Selected frames from test volumes. (a) Frame 25 from an optimal volume, capturing all the required features for adequacy. (b) Frame 45 from an inadequate volume, showing a curved ilium. (c) and (d) are frames 23 and 51 from one adequate volume, demonstrating an example of how the required features are not all found in a single frame.

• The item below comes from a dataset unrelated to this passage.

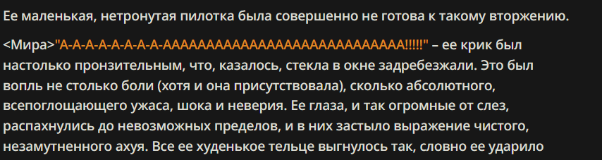 >Она посмотрела на него. В её глазах не было ничего. Абсолютно. Хуже глинтующих глаз только пустые. Говно хуже фурбы с убогим рванным стилем сообщений.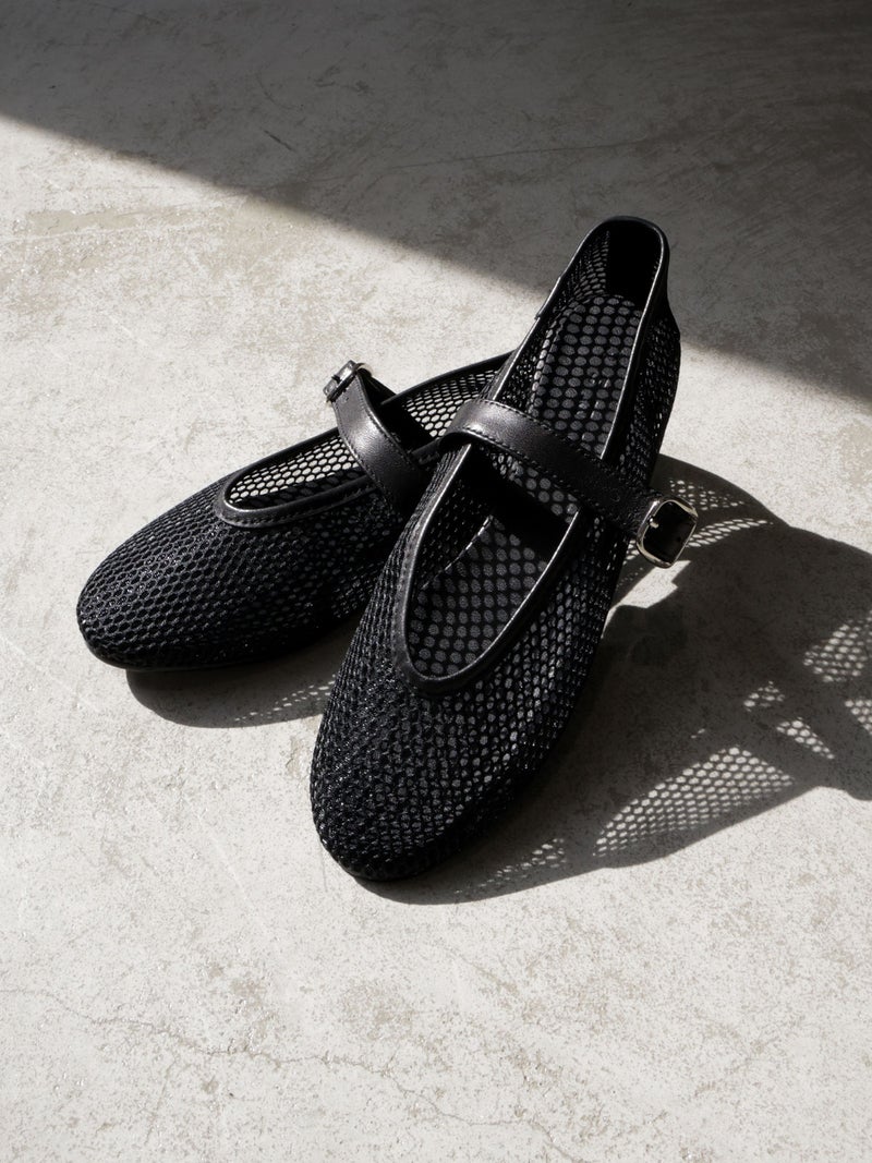 繊細な透け感のあるメッシュ素材が、足元に軽やかな季節感を添えるフラットシューズ。通気性の良いメッシュ素材を使用し、見た目にも涼やかで軽快な履き心地に仕上げました。ストラップ付きのメリージェーンタイプで、安定感がありながら女性らしい印象に。フラットなソールでデイリーに取り入れやすく、パンツからスカートまで幅広いスタイリングに馴染む一足です。

Runtime. Leveraging the GPU-based implementation of neural networks by TensorFlow, the trained model was able to perform a classification of an input US volume in one second, a time suitable for clinical workflow. This time was achieved on a Intel(R) Core(TM) i7-7800X 3.50 GHz CPU, with a NVIDIA TITAN Xp GPU and 64 GB of RAM. For comparison, our expert radiologist (experienced in DDH diagnosis with 2D scans) took an average of 10–40 s to classify one volume.

4 Conclusions

We presented a technique for fully automatic scan adequacy assessment of 3D US volumes for DDH. We developed a list of criteria defining the features required for diagnosis, proposed a neural network architecture comprising convolutional recurrent layers for robust classification, and validated our model on real pediatric data. Our volume classification agrees well with an expert’s manual classification with an average processing time of one second, which is suitable for clinical use. Considering the small size of the training data, we expect better performance as our dataset continues to grow with scans from more patients and a variety of US machines. Future work will include expanding the size of our training set and investigating the differences in reliability and task time between novice and experienced sonographers/surgeons using our setup. We expect real time automatic US scan adequacy assessment to have significant clinical impact with the potential to help in imaging standardisation of 3D US for DDH. Currently, there is no universal screening for DDH in North America due to the high cost of experienced personnel needed for scan acquisition. In future, an automatic assessment tool may potentially reduce DDH screening costs by allowing personnel other than highly trained radiologists or surgeons to obtain reliable 3D US scans suitable for diagnosis and thus make universal DDH screening possible.